Another surprise is the fact that this toaster has a built in bun warmer which is simply an extra pair of arms which, when activated pops up to provide a simple grill in which food such as croissants can be warmed up. Now this is really handy for me because previously I've either had to wait an age for my old convector cooker grill to heat up solely for warming up croissants or shoving them in the microwave only to find the bases of croissants soggy because of the oil content. Here there is simply no sogginess of waiting around for anything to heat up other than the smaller and faster toaster elements. The only downsides are that of course these grilles get hot in and after use. The other downside is that it won't make a good make shift warmer for toast but rather thicker dough based breads such as Muffins, Cakes and of course my tasty hot and crispy Croissants. The best thing to do is to use the button at the side which pushes these grilles back down after use as you won't burn your fingers.
Despite the size, the Kenwood comes with a 2.5 metre power cord which can be easily wrapped and locked under the toaster. This is like my old JMB and Hinari toasters but the locks on the Kenwood have a thicker plastic and manage to lock the cord in without anything escaping.
Lastly of course it can toast up to 4 slices of toast in one go - this is very handy for people staying over.
The Kenwood TT920 isn't difficult to clean but neither is it any easier than any other toaster I have used. It has a slide out crumb tray but it suffers from clogging with crumbs which you can see from the top (I guess in the month I've had it, its seen a lot of different bread types!) but don't put themselves on the pull out slide out crumb tray. For this purpose, I usually unplug the long 3 metre cord and shake the toaster over the sink vigorously to ensure all the crumbs are out.

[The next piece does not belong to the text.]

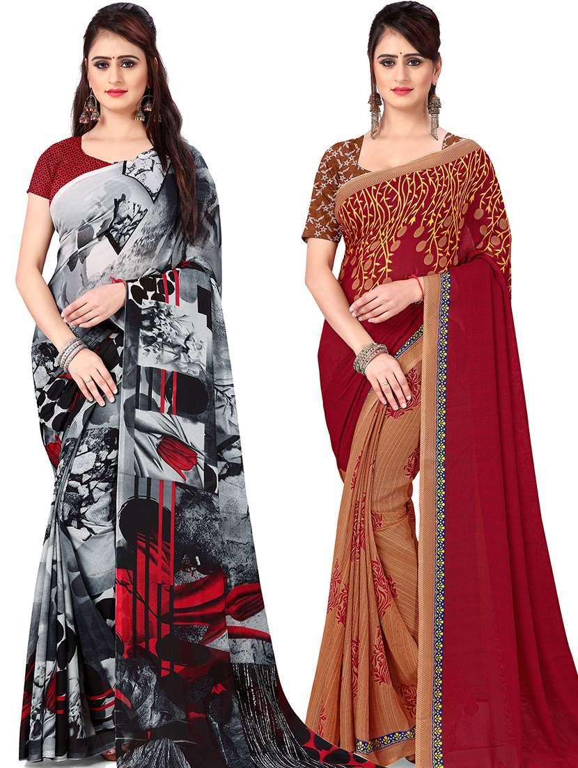 women pack of 2 casual wear sarees with blouse
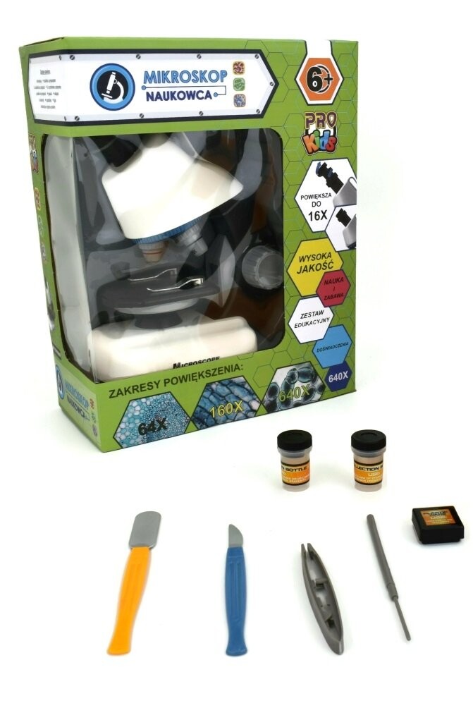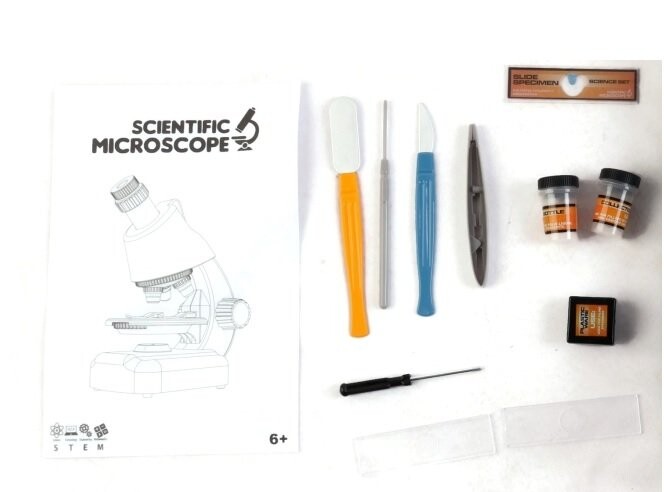 Микроскоп для обучения и развлечения. Набор состоит из настоящего микроскопа и необходимых аксессуаров для исследований и наблюдений. Микроскоп увеличивает изображение в 100, 400 и 1200 раз. Игрушка развивает у ребенка технологические и инженерные способности, а также строгий математический ум, увлекая наукой и изучая микро- и макровселенную. В комплект входят: Микроскоп с увеличением до 1200 раз, 2 пробирки для наблюдения, набор из двух компонентов для наблюдения, 5 инструментов для научной работы и обслуживания прибора. Вес 564 г

The body of the Kenwood should never be cleaned with a damp cloth. Why? Because unlike the manual's suggestion I find any cloth, regardless of whether it's clean or not leaves a trail from the fibres on the chrome wall and when it dries in everyone can see how you've cleaned the toaster. The easiest thing to do is by all means use a damp cloth and then towel dry to ensure it keeps things sparkling. I have used old tales of toothpaste before on chrome and that seems to work but gives off a minty scent as a result!! I also use lemon juice and bicarbonate soda to clean off any food marks which get splashed on the walls. The matt finish however is easy enough to keep clean but it can mark easily if you use detergents or abrasives.
Unfortunately I really do miss my reheat facility! I often used it on my old toaster whenever I read the Sunday papers and would often find I needed to reheat old toast before it got margarined! I realise that if the toaster had this then it wouldn't have been so overly cheap, but then again some say £24 is expensive for a 4 slice toaster.
I haven't found many downsides to this toaster as a result. What I find shocking however is the user manual. It states the model number but doesn't show my model, consisting of a two page booklet type leaflet which shows the basic 2 slice model and all the info you need. Kenwood should improve on this if they make future 4 slice toasters.
Unfortunately for Kenwood although the chrome walls are indeed cool wall by design, the sides definitely are not! They get hot in constant use and warm by one day's use only. When I saw "cool wall" advertised I assumed it meant the whole product. Would make sense wouldn't it?